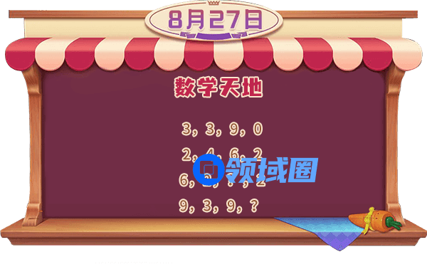 现在开始解答!计时开始!——聪明的小伙伴已经知道答案了哦!其实这道题目非常简单,是一道非常常规的数学规律题。在各个数字之间添加运算符,即可得到答案,经过简单的计算,我们可以准确得出:3x3-9=0,2x4-6=2,所以接下来:6x2-10=2,9x3-9=18,正确答案为:1018,你答对了吗?
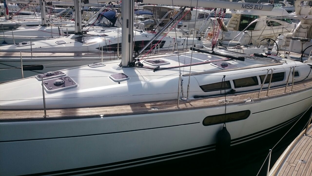 | Outside | 12 V-Anschluss, Anker mit Kette, Badeleiter, Badeplattform, Biminitop, Cockpitdusche, Cockpitlautsprecher, Cockpittisch, elektr. Ankerwinsch, elektr. Winsch, Fender, Festmacherleinen, Gangway, Segel-Flickwerkzeug, Solaranlage, Sprayhood, Teak im Cockpit, Teakdeck, Treibanker, Wasserschlauch, Windex |
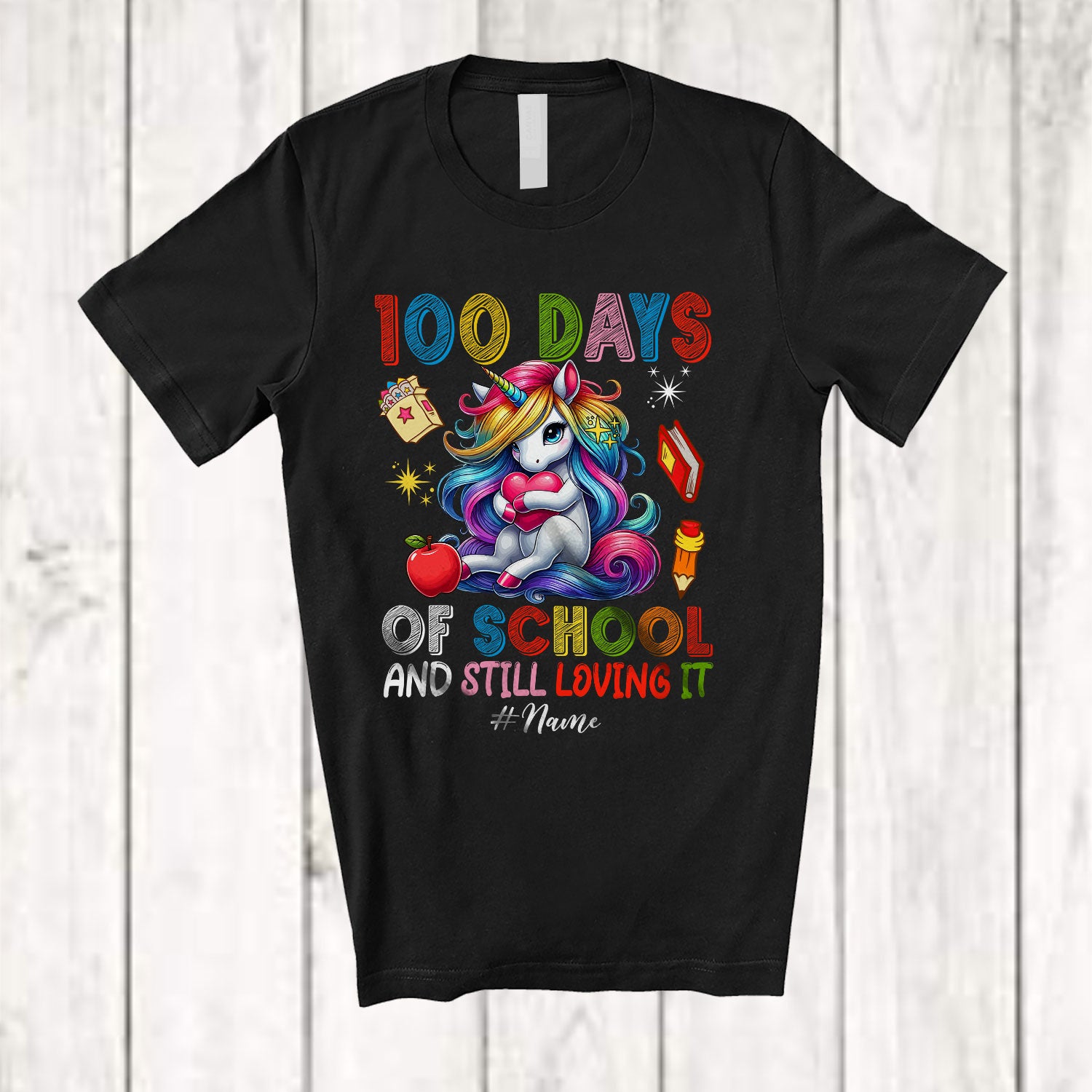 Personalized 100 Days of School And Still Loving It; Awesome Custom Name Unicorn Holding Heart T-Shirt
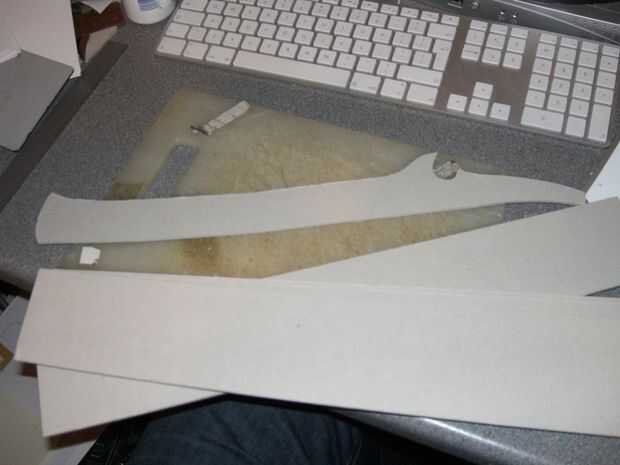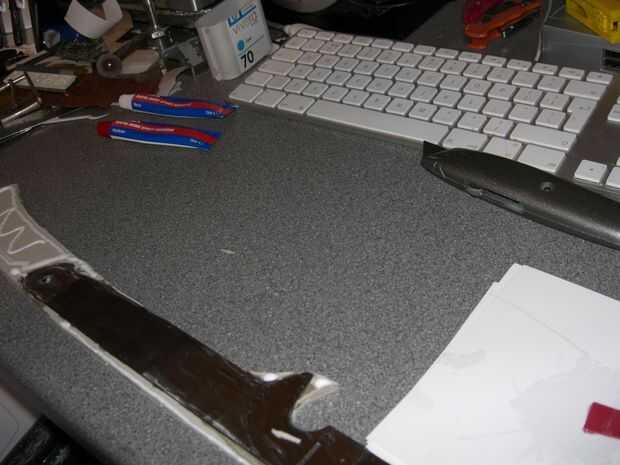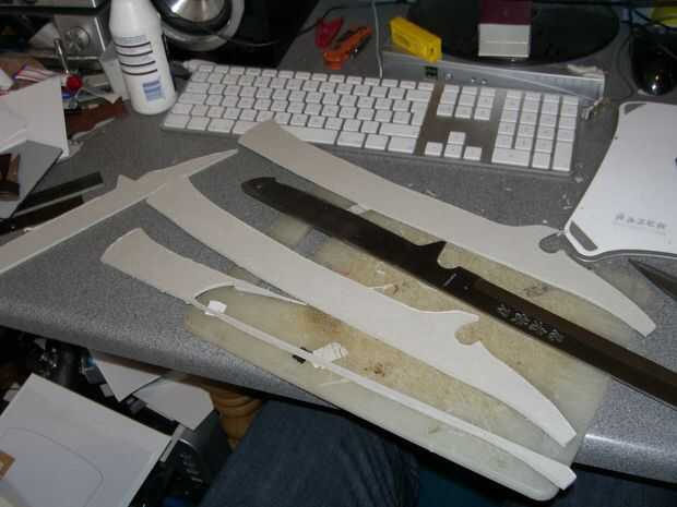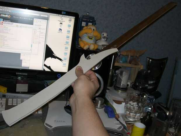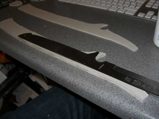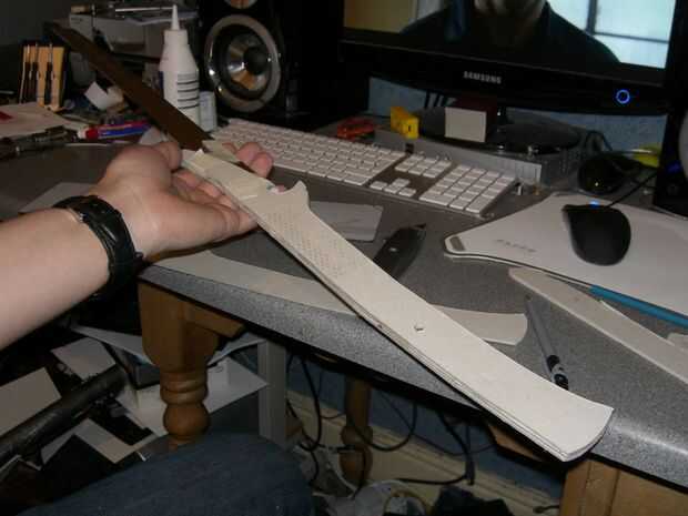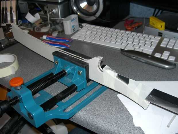 Luego pegué las tres secciones juntas alrededor de la espada, fue complicado porque utilicé dos colas.
● ● ● ● ● ● ●
**TASK STATEMENT**
Beginning with the line in which "Personalized 100 Days" appears, repeat exactly each line down to the close of the material, leaving every picture out.

**TASK ANSWER**
 Personalized 100 Days of School And Still Loving It; Awesome Custom Name Unicorn Holding Heart T-Shirt
 Luego pegué las tres secciones juntas alrededor de la espada, fue complicado porque utilicé dos colas.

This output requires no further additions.